■ Your objective
Below are the records; copy exactly the stretch from the line containing "Delivered a complete" through the line containing "Zebra, Pleats, Tiger", both ends included, and nothing else.

■ Dataset
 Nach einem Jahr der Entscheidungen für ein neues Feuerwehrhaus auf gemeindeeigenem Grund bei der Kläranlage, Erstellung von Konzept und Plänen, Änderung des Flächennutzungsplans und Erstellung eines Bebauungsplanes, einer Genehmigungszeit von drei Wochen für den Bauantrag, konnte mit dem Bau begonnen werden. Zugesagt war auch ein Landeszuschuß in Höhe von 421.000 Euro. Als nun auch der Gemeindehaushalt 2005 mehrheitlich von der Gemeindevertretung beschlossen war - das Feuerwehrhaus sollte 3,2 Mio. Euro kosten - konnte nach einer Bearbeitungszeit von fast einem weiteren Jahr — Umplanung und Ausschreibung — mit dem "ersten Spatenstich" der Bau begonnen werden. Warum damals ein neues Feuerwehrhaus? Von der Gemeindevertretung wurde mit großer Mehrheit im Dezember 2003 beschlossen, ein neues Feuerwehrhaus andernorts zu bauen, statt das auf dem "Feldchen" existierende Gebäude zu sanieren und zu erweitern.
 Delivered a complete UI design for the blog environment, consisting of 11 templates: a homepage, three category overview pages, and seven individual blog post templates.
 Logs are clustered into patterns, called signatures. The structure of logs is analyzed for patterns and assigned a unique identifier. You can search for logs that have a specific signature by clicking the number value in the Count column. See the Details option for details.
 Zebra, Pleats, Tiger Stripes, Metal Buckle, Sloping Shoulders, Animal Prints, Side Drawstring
--
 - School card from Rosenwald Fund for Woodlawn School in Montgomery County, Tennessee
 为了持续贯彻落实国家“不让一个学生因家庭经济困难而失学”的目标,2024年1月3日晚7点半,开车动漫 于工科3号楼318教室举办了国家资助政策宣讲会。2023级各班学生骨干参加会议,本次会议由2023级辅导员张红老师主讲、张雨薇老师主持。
...
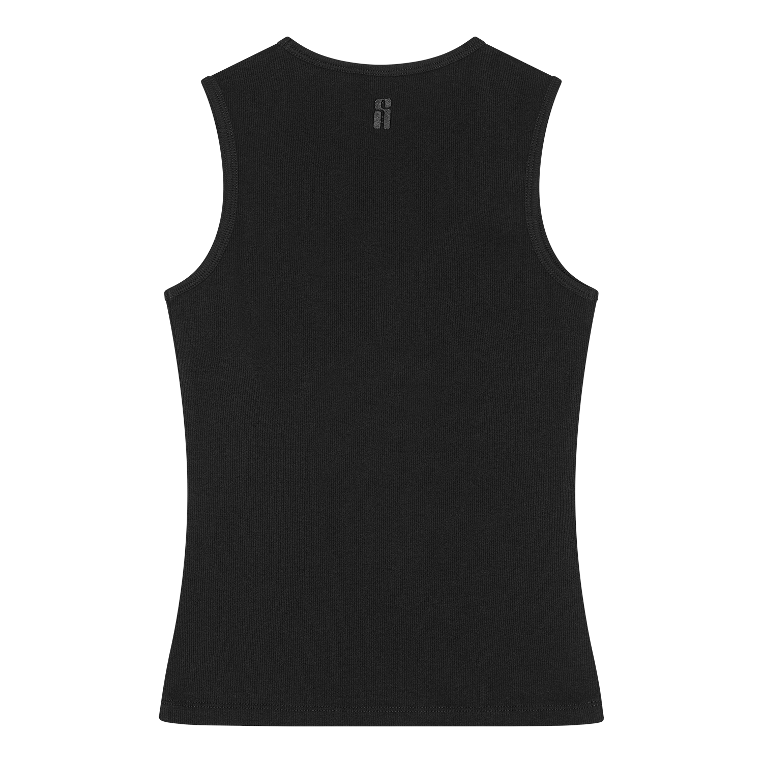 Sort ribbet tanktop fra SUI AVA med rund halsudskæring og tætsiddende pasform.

■ Answer box
 Delivered a complete UI design for the blog environment, consisting of 11 templates: a homepage, three category overview pages, and seven individual blog post templates.
 Logs are clustered into patterns, called signatures. The structure of logs is analyzed for patterns and assigned a unique identifier. You can search for logs that have a specific signature by clicking the number value in the Count column. See the Details option for details.
 Zebra, Pleats, Tiger Stripes, Metal Buckle, Sloping Shoulders, Animal Prints, Side Drawstring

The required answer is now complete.